It was a drier-than-average August in East Hawaii, while rainfall totals in the Kona coffee belt, which experiences its rainy season in the summer, were above average for the month.
That’s according to the monthly precipitation summary prepared by Kevin Kodama, senior service hydrologist at the National Weather Service in Honolulu.
Kodama said that most Big Island gauges “logged mostly below average rainfall totals for the month of August,” but noted “pockets of near-to-above-normal amounts, moist notably along the slopes of the North and South Kona districts and the windward slopes of the Kohala Mountains.”
Hilo International Airport reported its lowest August total since 2008, with 4.25 inches, 43% of its August norm of 9.85 inches. However, Hilo’s 74.64 inches of rainfall is 93% of its yearly norm of 79.94 inches for the first eight months of the year.
Mountain View reported 7.43 inches of rain last month, a bit more than half of its usual 13.64 inches for August. The upper Puna village is one of the few populated spots on the windward side of the island experiencing normal rainfall for the year, with 113.59 inches, 0.6 inches above norm for the first eight months.

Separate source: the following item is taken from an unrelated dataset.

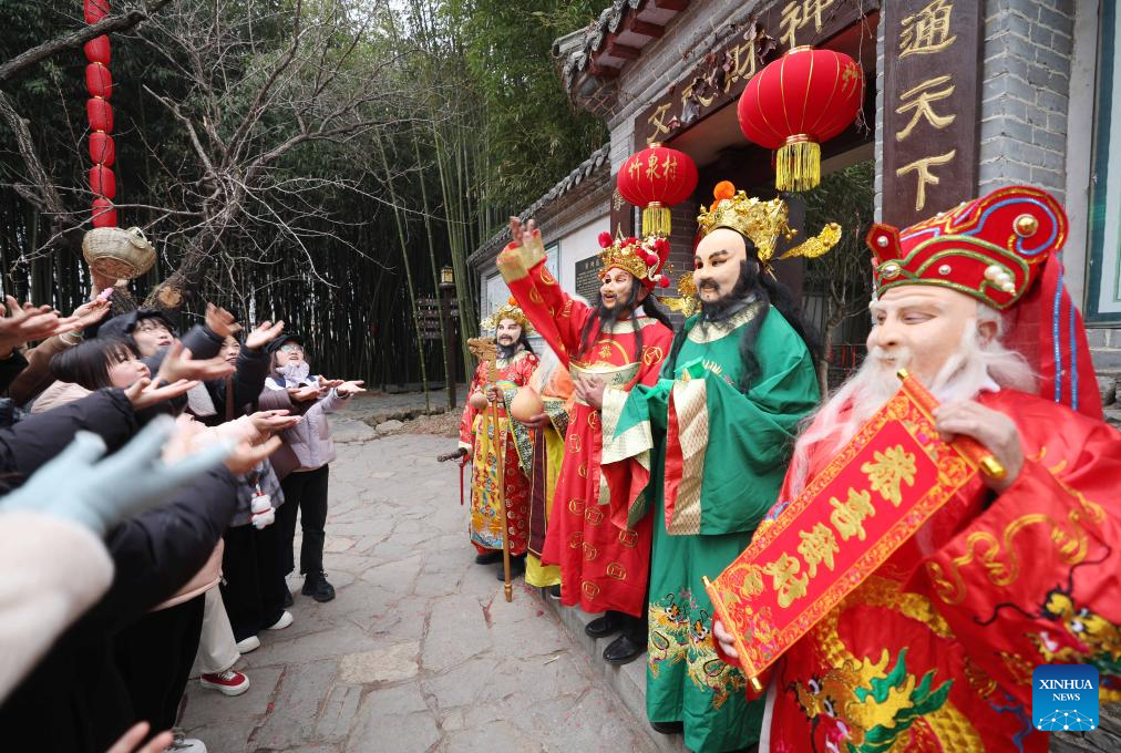 Staff members dressed as the "Gods of Wealth" offer blessings to tourists at a temple for the gods of wealth in Yi'nan County, Linyi City, east China's Shandong Province, Feb. 2, 2025. Folk events were held across the country on Sunday to receive the "Gods of Wealth," a tradition to celebrate the fifth day of the Chinese New Year, or the Spring Festival. (Photo by Wang Yanbing/Xinhua)

Further upslope in the Puna rain forest, the gauge at Glenwood tallied just 7.8 inches, 42% of its average August total of 18.37 inches. The customarily rainy spot has recorded 119.77 inches for the year, but that’s just more than three-quarters of its year-to-date norm of 154.48 inches.
Hakalau, a few miles north of Hilo, had an extremely dry August with only 1.31 inches, less than one-fifth of its August norm of 7.05 inches. It’s been a wet year so far, though, for the hamlet, with 79.33 inches, 160% of its average of 49.48 inches.
As previously noted, all four official gauges in the Kona coffee belt recorded above-average rainfall totals in August, with Kealakekua reporting 8.54 inches, Kainaliu measuring 8.06 inches, Waiaha tallying 7.72 inches and Honaunau checking in with 7.54 inches. Honaunau’s total was 129% of norm, giving it the driest August in the coffee belt, relatively speaking.
Not every West Hawaii spot shared in the rainfall bounty, however.
Ellison Onizuka Kona International Airport at Keahole recorded just 0.53 inches, 38% of its average August of 1.39 inches. It’s also a drier-than-normal year at the relatively arid airport, with 9.22 inches, three-quarters of its year-to-date norm of 12.11 inches.
“Conditions were very dry in many areas of the Big Island, especially during the latter half of August. The exception is the Kona slopes region, which received ample rainfall during the summer,” Kodama said.
According to Kodama, August also was notable for “the lack of tropical cyclone activity.”
“August is historically the most active month for tropical cyclones in the central North Pacific basin with a long-term average of one to two systems,” he said. “However, there were no tropical cyclones during the entire month, leaving the 2020 season count at two, a system in June and another in July.”